The chick embryo chorioallantoic membrane as an experimental model to study lung cancer

The chick embryo chorioallantoic membrane (CAM) has long been a favored system for the study of tumor growth because a chick’s immunocompetent system is not fully developed, and the conditions for rejection have not yet been established. Grafting tumors onto the CAM allows us to study the morphological aspects of the interactions of the tumors with the blood vessels of the host and to examine the identity of the vessels that supply the grafts. This article analyzes the literature data concerning the use of the CAM model to study lung cancer and the effects of anti-angiogenic molecules on the growth of this tumor due to the lack of literature data summarizing this topic.

Introduction

The chick embryo chorioallantoic membrane (CAM) is formed at embryonic days (EDs) 3–4 by the fusion of the chorion and the allantois, and it consists of three layers: ectoderm (from the chorion), mesoderm, and endoderm (from the allantois) (1). In this double layer, an extremely rich vascular network develops, which is connected to embryonic circulation by two allantoic arteries and one allantoic vein. By ED 16, the CAM becomes closely pressed against the shell membranes, which enables it to act as a gas-exchange organ receiving oxygen and eliminating carbon dioxide through the pores in the shell (1). Immature blood vessels scattered in the mesoderm grow very rapidly until ED 8 and give rise to a capillary plexus, which comes to be intimately associated with the overlying chorionic epithelial cells. At ED 14, the capillary plexus is located at the surface of the ectoderm adjacent to the shell membrane. Endothelial cell mitotic index declines rapidly, and the vascular system attains its final arrangement on ED 18, just before hatching. On EDs 10–12, the mesodermal vessels are now distinct arterioles and venules accompanied by a pair of interconnected lymphatics (2).
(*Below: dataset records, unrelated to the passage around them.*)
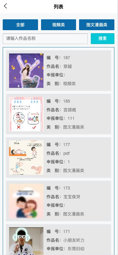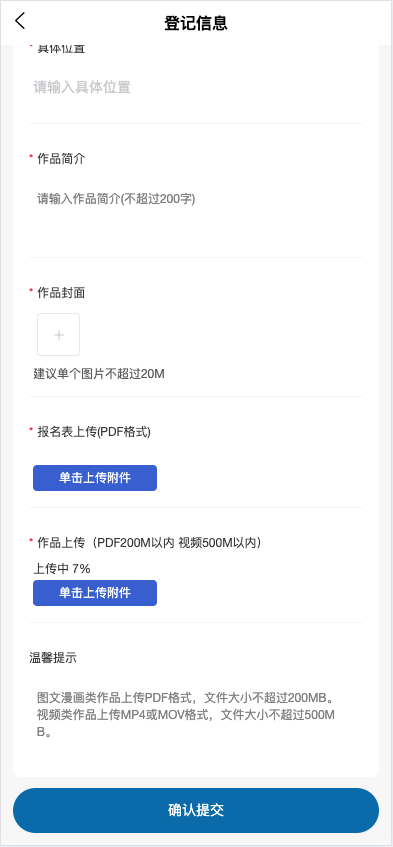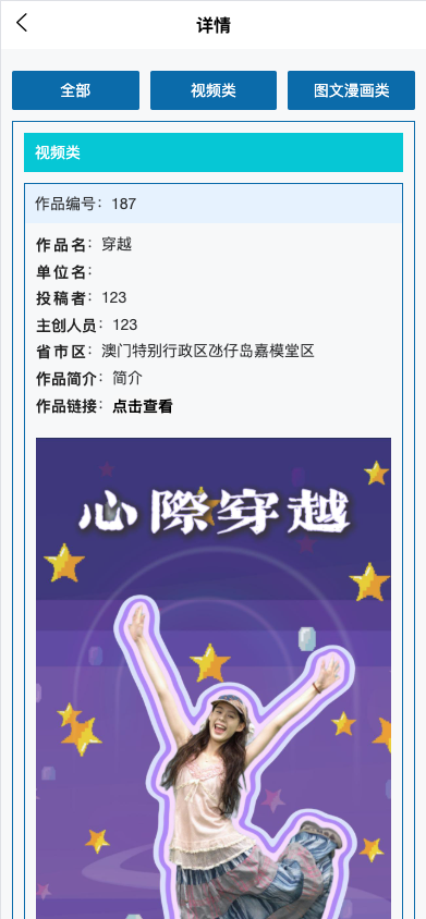 该应用可支持不登录情况下上传较大尺寸的视频/漫画文件进行投稿报名,并且在管理员审核通过后,在大赛公示页面中进行作品展示。
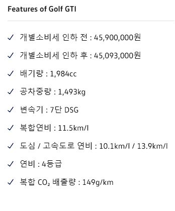 폭스바겐 골프 GTI 특장점
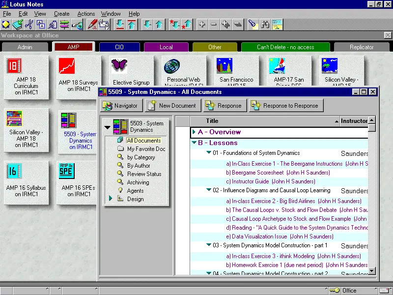 刚参加工作的时候,单位里用Lotus Notes做办公自动化软件的平台,于是我学习了怎么在Notes下开发应用。后来还用这个玩意给一些银行开发过一些办公自动化流程的应用。我有一个同学相当痴迷于这个平台。现在看来,有点非主流了。
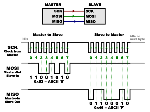 Seega, kui meil on vaja liigutada üheaegselt vastupidises suunas liikuvat suuremat infokogust ja kui on alati vaid üks infosaatja, ent palju info vastuvõtjaid—siis kasutame SPI ühendust.
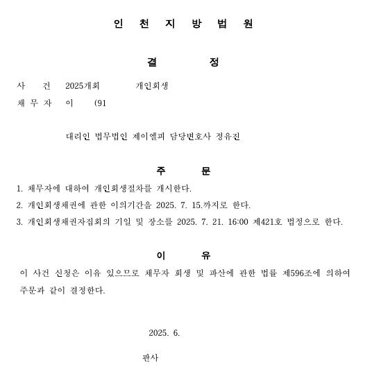 청산가치 산정 및 부양가족 산정에 있어 청산가치는 개별적으로 부양가족도 동일한 비율로 인정 받을수 있기 때문에 최적의 변제계획안을 작성하여 진행을 도와드렸고, 개시결정을 받을 수 있었습니다.
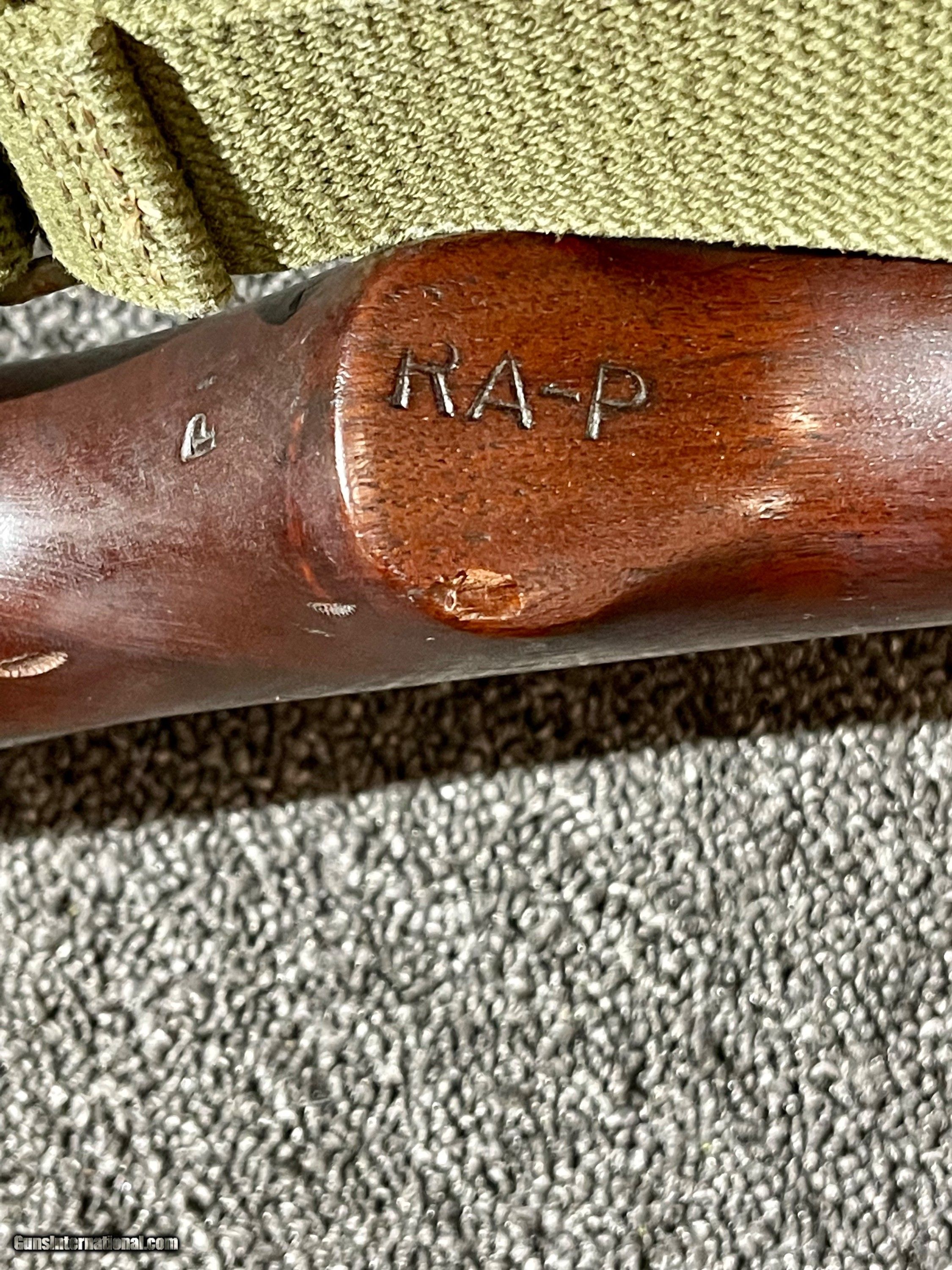 Description: ***************SOLD PENDING PAYMENT*************** 1943 WWII Springfield M1 Garand SPRINGFIELD .30-06 Serial #14634180 (March 1943). Owning an M1 Garand means a lot more than just owning a firearm, it's about owning a piece of history that protected our freedoms and won a world war! This rifle features a 24" SA 7-43 TE2MWI barrel, full wood stock and barrel cover, steel flat storage plunger butt plate, bayonet lug, rear adjustable peep sight and shrouded front blade sight. Also features a USGI canvas sling, narrow base gas cylinder saw cut, milled trigger guard, SA-12 trigger housing, SA-5 hammer, 125A bolt, and "no hump M". Stamping on top of the receiver are crisp and clear. Stock clearly stamped "RA-P" on the base of the grip and proofmark "P". This rifle appears to be in great condition for its age and history! ****WE ARE ALWAYS BUYING AND ARE VERY EXPERIENCED IN ESTATE SALES TOO. LET US KNOW HOW WE CAN HELP!**** PAYMENT: -Payment must be recieved within 10 days of purchase. 3% additional charge for credit card processing. SHIPPING & HANDLING: -$30 for handguns and $45 for long guns SHIPPING FIREARMS: -Firearms shipped to FFL dealer only -We will ship upon receipt of payment and signed legible copy of dealer's FFL via Fax, Mail or E-mail. SALES TAX: -Florida residents add 7.5% sales tax. PRODUCT: -We operate a gun shop which means that every item is for sale in our store and it may have already been sold when you contact us. NEW GUNS: -On new Firearms we may use file photos instead of the actual gun. CONTACT: -Contact me with any and all questions. We want you to be happy with your purchase. PHONE #: (904) 271-5270 STORE HOURS: Mon-Fri: 11p-6pm Sat: 9a-3p BUYER: -It is Buyer's responsibility to ensure that the weapon is LEGAL to own in your city/state. SOLD Rifle Caliber: .303-06 Manufacturer: Springfield |

Veins are also associated with lymphatics, and larger veins are surrounded by a lymphatic plexus (3).

The CAM assay in the study of tumor biology

The CAM has long been a favored system for the study of tumor growth because a chick’s immunocompetent system is not fully developed, and the conditions for rejection have not yet been established (4). In 1911, Rous demonstrated the growth of the Rous sarcoma grafted onto the CAM (5). In 1912, Murphy reported that mouse and rat tumors implanted onto the CAM could be maintained by a continuous passage from egg to egg (6). The first evidence of tumor-induced angiogenesis in vivo was obtained using the CAM assay, dated 1913 (7). Starting from these observations, the CAM has been established as an experimental system for research in tumor biology. The behavior of chicken, mouse, and human tumor cells and tissues implanted on the CAM surface was compared and evaluated for their growth, histological features, viability after re-transplantation in their original host, and the effects on the chick embryo (8). The CAM has been used as a test system for tumor chemosensitivity (9) and for the study of tumor invasion and metastasis and of neovascularization of heterologous normal and neoplastic implants (10).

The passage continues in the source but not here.